You never considered homeschooling. Everyone sends their kid to public school, except for the few who can afford a private school. Those people are all religious right? They're religious, and they want to keep their kids away from everyone else. That's what homeschooling is, like those Duggars who have too many kids. It's just not normal. My kid wouldn't get to go to prom. That's just wrong. They'll miss out on everything.

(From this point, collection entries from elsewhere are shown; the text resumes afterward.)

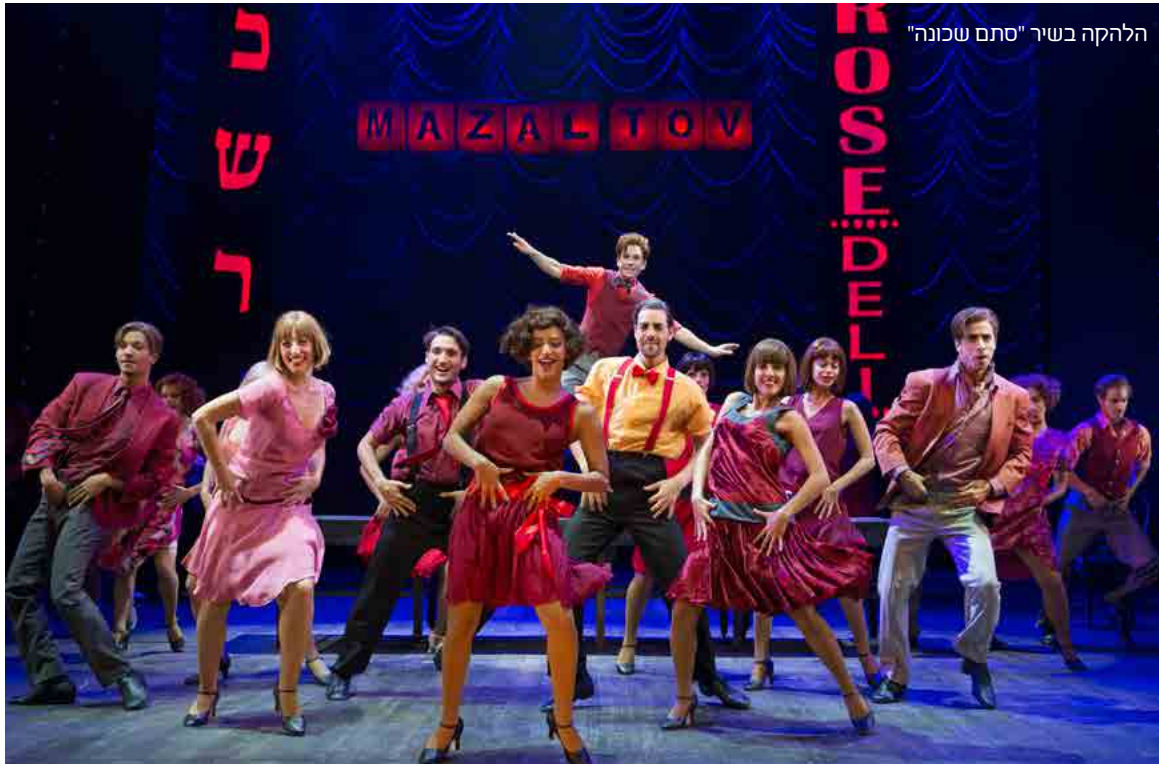
הלהקה בשיר "סתם שכונה"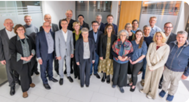
Presbyterium der Evangelischen Gemeinde Köln, 09.03.25

Das passt auch. Ich habe eine sehr tiefe Naturverbundenheit, also auch eine Form von Erdung. Die Räume spielen für mich keine große Rolle: ob das in einem Steingebäude stattfindet oder unter einem Baum. Das ist relevant, aber sekundär. Insofern weiß ich gar nicht, inwieweit dieses Spirituelle und Gläubige schon viel länger da war und nun in eine festere Struktur übersetzt worden ist.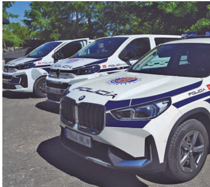
Los nuevos vehículos presentados

En la presentación de estos vehículos, desde el Ayuntamiento destacaron que se tra-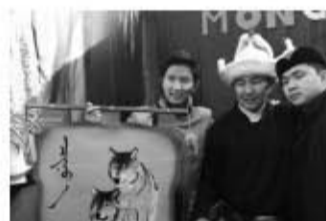
蒙古展台留学生展示狼图腾画作

缅甸展台人头攒动，走进一看，便会被展台的精美照片所吸引。辉煌灿烂的大金塔、充满了古韵的蒲甘、宁静优美的茵莱湖、气势恢弘的曼德勒……都让人仿佛身临其境。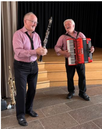
Am 65+ -Nachmittag vom 23. April sorgten die Swissboys für beste Stimmung im Saal.

Reformierte Kirche Staufberg Staufen Schafisheim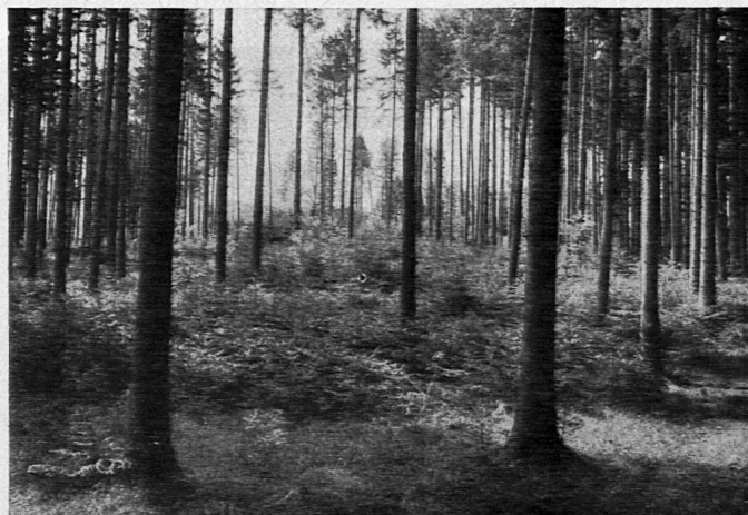
Boswil. Kahlschlag im reinen Nadelholzbestand.

Eine weitere Aufgabe hat der Wald im Gebirge zu erfüllen. Er gewährt Schutz gegen verderbliche Naturereignisse verschiedenster Art. Er bekleidet die Steilhänge und verhindert das Abrutschen der fruchtbaren Bodenschicht auf der Gesteinsunterlage. Er verzögert den Abfluss von Regen- und Schmelzwasser und gleicht damit den Wasserhaushalt unserer Quellen, Bäche und Flüsse stark aus. Der Wald verhindert ferner die Entstehung von Lawinen und bietet Schutz gegen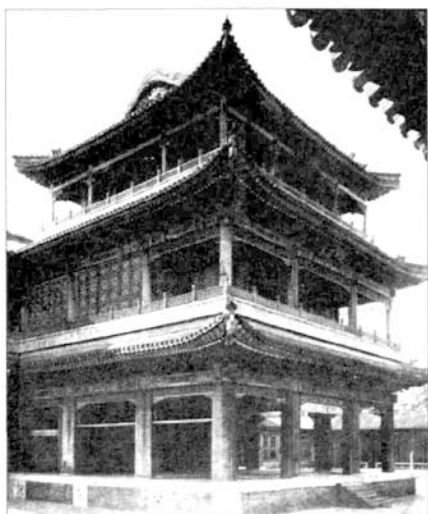
■ 颐和园中德和园戏台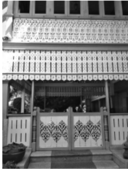
รูปที่ 6 ประตูบานเปิดเตี้ยด้านหน้าและกันสาดบ้านวงศ์บุรี จ.แพร่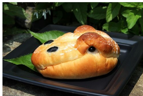
食べてもおいしい表情豊かなパンの恐竜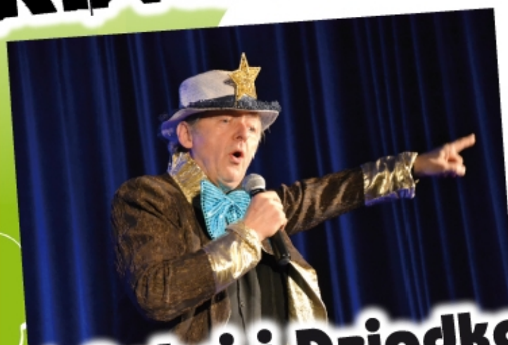
Dzień Babci i Dziadka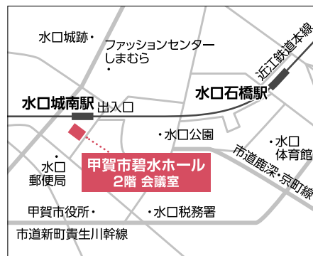
【電車】近江鉄道本線「水口城南駅」より徒歩約3分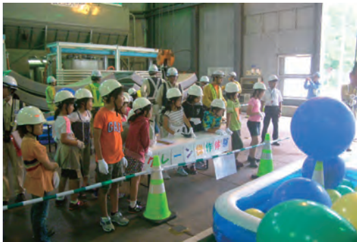
地元小学生及び親子見学会の受入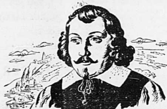
"Il a apporté au Canada la pensée française et la civilisation."

(Ceci est le neuvième d'une série d'articles publiés dans l'intérêt de nos lecteurs qui songent à construire ou acheter une maison.)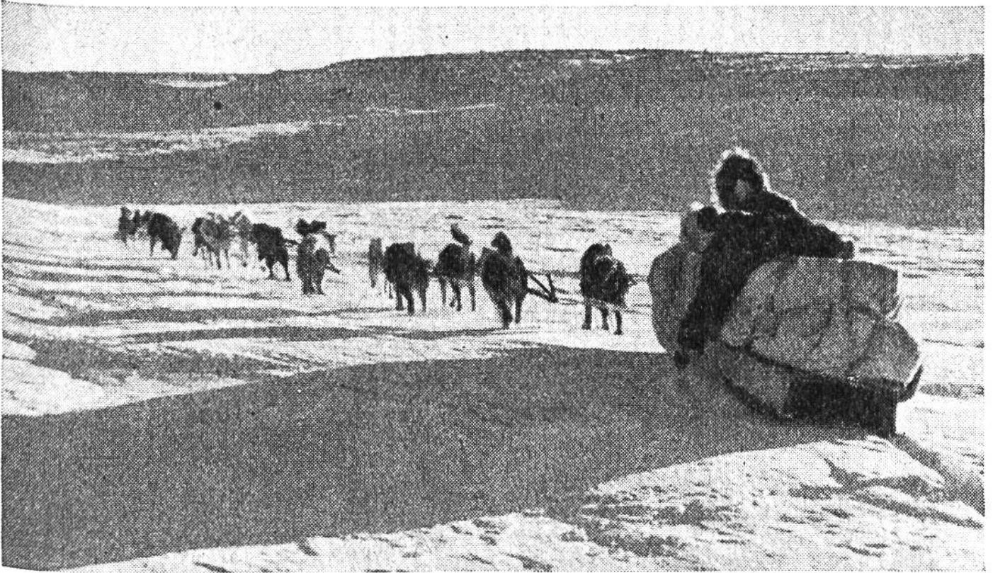
Hundeschlitten auf der Fahrt durch die schneebedeckte Tundra.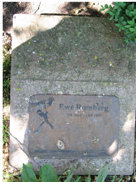
Liggande vård med kopparskylt (KI Segerstads kyrkog 057)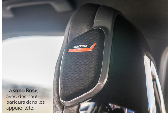
La sono Bose, avec des haut-parleurs dans les appuie-tête.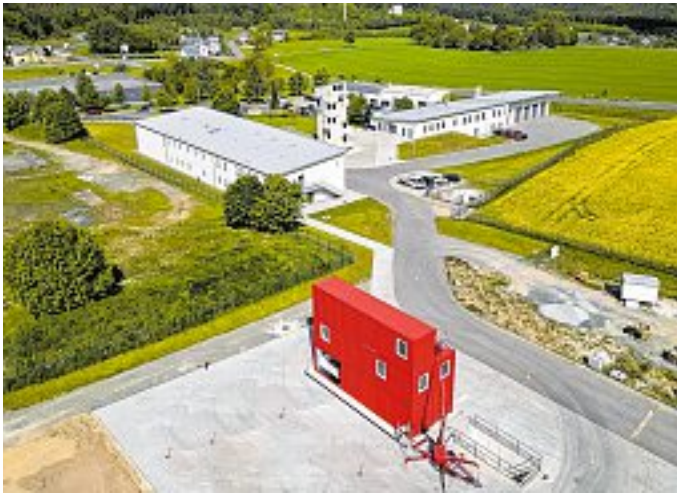
Blick auf das neue Brand- und Katastrophenschutzzentrum vor den Toren der Stadt Treuen.

Tag der offenen Tür am 13. September gibt Einblicke in Ausbildung für Brand- und Katastrophenschützer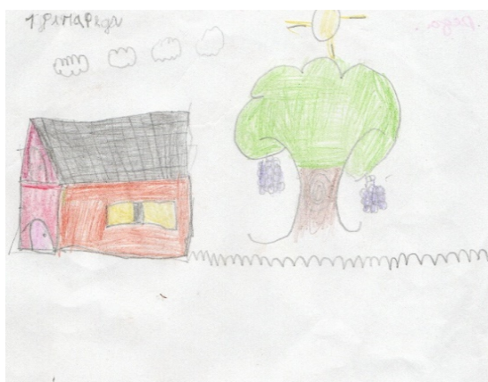
Desenho 02 - O espaço favorito para brincar

Fonte: Pesquisa de campo, 2020. Autor: Vinícius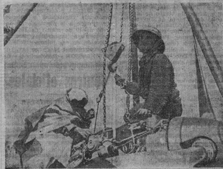
Indígenas de Túnez colaboran con las fuerzas del Eje en la reparación y puesta a punto de las máquinas de guerra.

ANCARA 12. (S. E. T.).—Informaciones de origen soviético señalan que el Gobierno de Moscú considera poco grata la presencia en la U. R. S. S. de la esposa del generalísimo chino Chiang Kai Chek, que desde hace tiempo tiene la intención de visitar Moscú. Se agrega que la Unión Soviética, que mantiene amistosas relaciones con Japón, no desea enturbiarlas por la presencia de dicha señora en Moscú. (Efe.)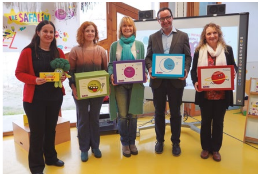
El projecte Presafalín treballa hàbits saludables com l'activitat física i l'esport, l'alimentació saludable, el descans i el benestar emocional

Hi participen els municipis de Pineda de Mar, Mollet del Vallès, Igual-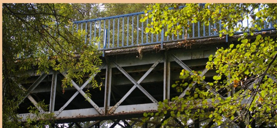
Detalle de la estructura de acero, cuyo origen ya podemos situar en 1916.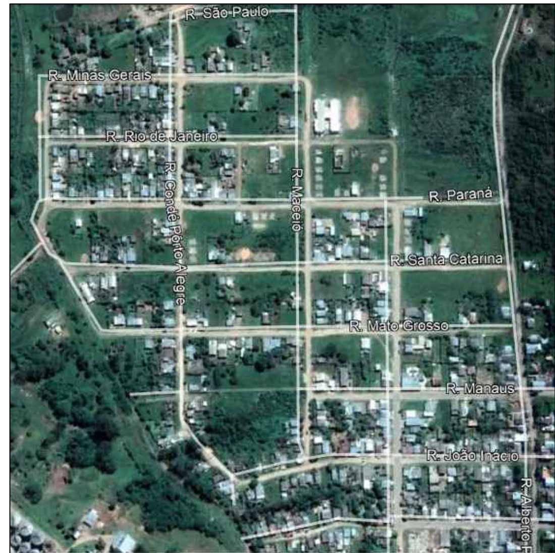
Localização Ruas Bairro Ibicuí S/ Esc.

All of that bleeds into...

Anger
You shouldn't have to be considering something that's going to completely derail your life! The schools should be protecting your child from the bullies! You pay so much money in taxes, that the schools should be taking care of this.

Or

They have all these resources and yet they still can't help your child succeed in school! Your kid keeps telling you how dumb they are because they're not reading on grade level, but you see that they can play the piano beautifully. They don't appreciate the skills your child has and it's infuriating to know that no one sees where your child is brilliant! All they see is a child who is going to fail the stupid test, which will make the teacher look bad. It's disgusting! You can't even be mad at the teacher, because the teacher is stuck in the same system. But the system is so big, so entrenched, that you know you can't change it and it leaves you helpless and immobile.

Or

You didn't want to be here! You didn't want to be arguing with a school that won't let you take your child to his grandmother's funeral because it means missing an entire week of school. You think it's ridiculous that your entire life now revolves around someone else telling you when you can interact with your child. You don't like that your kid's life now belongs to the school. But this is what everyone else does, right

Bargaining
You'll just try this for a year. You're not one of those parents. You don't want to have total control over your kid's life. You just need a small break from the (insert excuse here). Things were just too out of hand and you really can't take much more of this. Your kid is drowning from everything and you all just need a break. You'll just be here for a bit, then they'll go back while the school works on the problem. They promised they'd work on it. You think they will. You know the teachers and principals care about the kids, that they're in an impossible situation. You tell the grandparents it's just for a short time. It's not forever, just a chance for your child to catch up. You did a lot of research and learned that it's not a big deal to homeschool, that the kids tend to do fine.

It's not forever!

Depression
Your child is a mess. The first week of homeschooling and it's already an epic fail. They're upset, moody, clingy, and you realize that it was a huge failure. You shouldn't have pulled them from school. They were happier there, and now you're both miserable at home. They don't want to do the workbooks you carefully selected. They won't listen to you. All you do is nag your kid. All you want is to send them off and give in to everyone who ever told you that you were going to fail at this. You seek out the experienced homeschooling moms who tell you to back off, but you can't do that because your child will fall behind.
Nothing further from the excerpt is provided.